The FDA has granted Orphan Status for ruxolitinib for the treatment of pancreatic cancer.  INCY has also reached an agreement on a Special Protocol Assessment (SPA) for a Phase III registration trial in the second-line setting that will be initiated this quarter. Importantly, the FDA agreed that they can limit the study to the subgroup, which showed the greatest benefit in the Phase II RECAP study and that there was no need to develop a companion diagnostic.  This one study may be sufficient to support approval if the results are positive.  However, in order to minimize risk, a second, nearly identical Phase III trial will also be conducted.  Enrollment into these double-blind, placebo-controlled Phase III trials should begin in the first half of this year. Each study is expected to enroll about 300 patients who failed or who were intolerant to first-line therapy and who are part of the subgroup that showed benefit in the RECAP trial. Patients will receive either ruxolitinib or placebo combined with capecitabine and the primary endpoint is overall survival.

Additionally, INCY will start three placebo-controlled Phase II trials to evaluate ruxolitinib in non-small cell lung cancer, colon cancer and breast cancer, all beginning in H1:14 (see Clinical Trials above).  Each study will focus on the subgroup identified in RECAP and will focus on combining ruxolitinib with therapies that have low-to-moderate myelosuppressive effects. Overall survival is the primary endpoint.  The positive Phase II data in pancreatic and the ability to pre-screen cancer patients that are most likely to be impacted by cancer inflammation increases the odds of Jakafi’s clinical success across the solid tumor spectrum.

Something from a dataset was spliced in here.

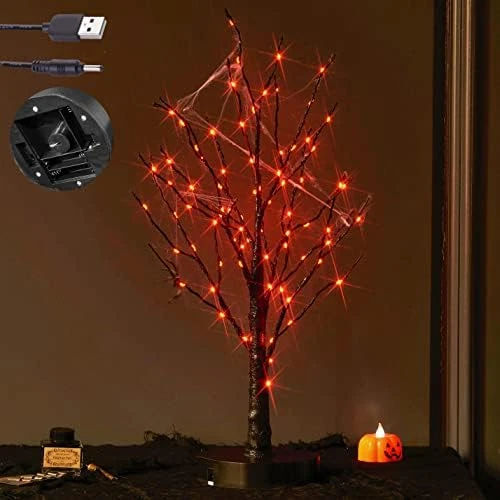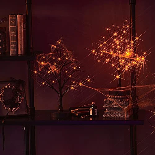 - 🎃【HALLOWEEN LIGHTS】: Dotted with 80L orange LED lights, hand crafted with black glittered finish, this 18IN lighted tree is a dazzling holiday display for Halloween wedding and Christmas

Jakafi Phase III Data in PV Coming Soon – While Wall Street has been mixed on the polycythemia vera (PV) opportunity, in our view, the data will remind investors why Jakafi could be an important option for PV patients.  The PV market is bigger than Jakafi’s currently myelofibrosis (MF) indication and, with at least 25,000 potential patients in the U.S., represents a real growth opportunity for Jakafi.  Data is coming shortly, in the March/April timeframe.   Positive data would allow INCY to submit the sNDA for the treatment of PV in June.  With FDA Fast Track status in hand, a six month review would potentially lead to an approval and label expansion by year end, hopefully in time for the ASH conference.

Additional Visibility on INCB39110 Development Plan is Key Piece of JAK Oncology Pie.  ‘110 is currently in Phase I in front line pancreatic cancer (with gem/Abraxane) and in B-cell malignancies, following the release of the promising Phase II data in MF at ASH.  A broad Phase II development for ‘110 has already began to emerge in 2014 with this being the JAK inhibitor that has shown the best tolerability when combined with myleosuppressive drugs including chemotherapies.  This should be the last piece for INCY’s ever broadening JAK portfolio in both liquid and solid tumors.  INCY will start two placebo-controlled Phase II studies of ‘110 in distinct chemotherapeutic regimens in patients with non-small cell lung cancer, focusing again on the RECAP identified subgroup.  It is also important to remember that ‘110 is a wholly-owned asset, which in our view, has yet to be valued by Wall Street.

IDO inhibitor INCB24360 Combo Data with Yervoy Coming at ASCO, Plus Phase II Research Collaboration Trials – In December, we reviewed the science behind IDO, INCY’s future blockbuster.  From what we understand, the open-label trial testing ‘360 with Yervoy is showing that patients given the combination are doing substantially better than historical Yervoy monotherapy (Clinicaltrials.gov – Incyte).  A number of IDO combination trials will be initiated this year and the company is already having meaningful discussions with potential partners for additional combination studies.  These will not be traditional partnerships, in which one gives away rights for cash today.  Rather these will for the most part be one-off trials to explore the potential with other checkpoint inhibitors.  The combination trials are very important for this novel class of drug candidates as the evolving theory behind cancer immune therapy is you need to inhibit to least two different pathways, maybe even three, to have a measurable treatment affect.  In our view, ‘360’s unique mechanism of action and small molecule profile are very attractive attributes and differentiate this exciting drug candidate from other oncology checkpoint inhibitors.  ‘360 has also exhibited a better safety profile than Yervoy, which would make it one of the better choices for combo trials.  Supporting this theory is the fact that BMS recently reduced the dose in a combo trial of Yervoy/PD-1 because of toxicity. IDO is one of the true crown jewels at INCY, just beginning to be noticed by investors. Still, we believe that long-term value from this compound has yet to be discounted into INCY’s valuation.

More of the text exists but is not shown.